Applied Class #4 - Testing the LATE Assumptions

Introduction

This practical session is based on Huber & Mellace (2015). You may find it helpful to consult the paper and or my lecture notes.

Exercises

  1. Write an R function that uses rmvnorm() from the mvtnorm package to simulate n iid draws from the model given below, with arguments n, alpha and beta. Your function should return a data frame with named columns D, Z, and Y. \[ \begin{aligned} Y &= D + \beta Z + U\\ D &= 1\{\alpha Z + \epsilon > 0\}\\ \begin{bmatrix} U \\ \epsilon \end{bmatrix} &\sim \text{Normal}(0, \Sigma), \quad \Sigma = \begin{bmatrix} 1 & 0.5 \\ 0.5 & 1 \end{bmatrix}\\ Z&\sim \text{Bernoulli}(0.5), \, \text{indep. of } (U, \epsilon) \end{aligned} \]

  2. Answer the following questions about the model from the preceding part.

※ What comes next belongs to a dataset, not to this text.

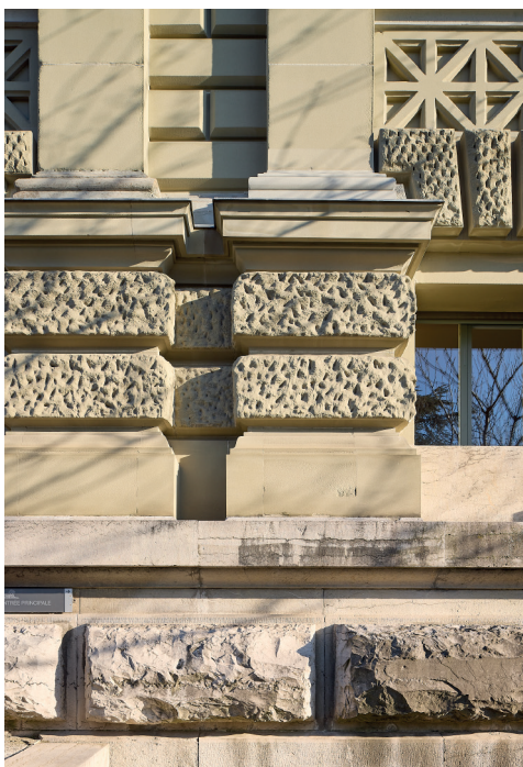
Fig. 5. Lausanne, Palais de justice de Montbenon, vestibule.

    1. Is the treatment \(D\) endogenous? How can you tell?
    2. What is the distribution of treatment effects? What is the LATE in this model?
    3. What is the role of \(\beta\)?
    4. What is the role of \(\alpha\)?
    5. Which of the LATE assumptions does the model satisfy?
  3. Write a function called get_theta() to compute the sample analogues of \(\theta_1, \theta_2, \theta_3, \theta_4\) defined in Equation (7) of Huber & Mellace (2015). Your function should take a single input argument: a data frame (or tibble) with columns named D, Z, and Y corresponding to the model from above. It should return a vector with four named elements: theta1, theta2, theta3, and theta4.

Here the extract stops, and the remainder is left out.